Fig 4.11.4 対象タンパク質と相互作用するタンパク質の情報

参考文献

  1. Alfarano C, et al. The Biomolecular Interaction Network Database and related tools 2005 update. Nucleic Acids Res. 2005 Jan 1;33
  2. Salwinski L, Miller CS, Smith AJ, Pettit FK, Bowie JU, Eisenberg D. The Database of Interacting Proteins: 2004 update. Nucleic Acids Res. 2004 Jan 1;32
  3. Zanzoni A., Montecchi-Palazzi L., Quondam M., Ausiello G., Helmer-Citterich M. and Cesareni G. MINT: a Molecular INTeraction database. FEBS Letters. 2002, 513(1);135-140.

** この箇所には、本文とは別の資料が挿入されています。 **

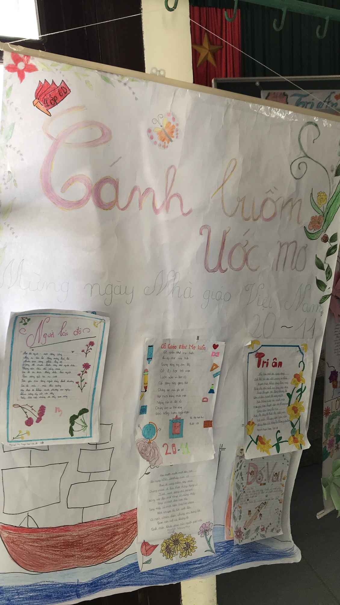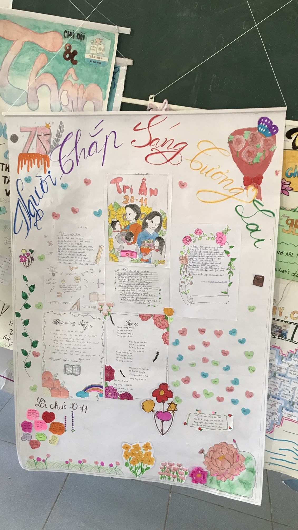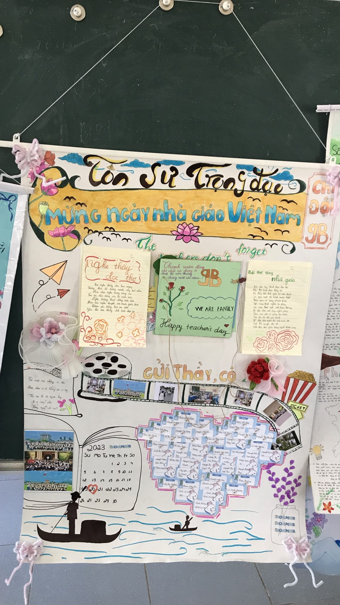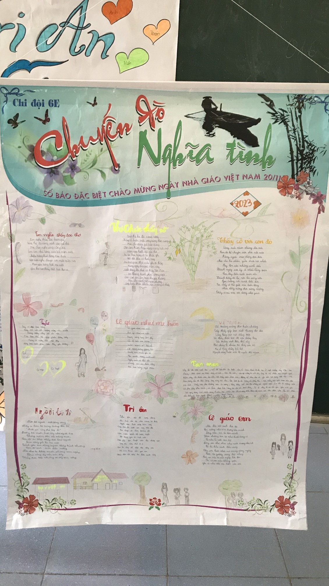 2. Tổ chức thi báo tường chủ đề chào mừng ngày Nhà giáo Việt Nam 20/11.Kết quả lớp 9B,8A,7D,6C đạt giải nhất. Lớp 9A,8B,7E,6A đạt giải nhì. Các lớp còn lại đạt giải Ba.

  4. Peri, S. et al. Development of human protein reference database as an initial platform for approaching systems biology in humans. Genome Research. 2003, 13:2363-2371.
  5. IntAct - an open source molecular interaction database. H. Hermjakob, L. Montecchi-Palazzi, C. Lewington, S. Mudali, S. Kerrien, S. Orchard, M. Vingron, B. Roechert, P. Roepstorff, A. Valencia, H. Margalit, J. Armstrong, A. Bairoch, G. Cesareni, D. Sherman, R. Apweiler. Nucl. Acids. Res. 2004 32: D452-D455.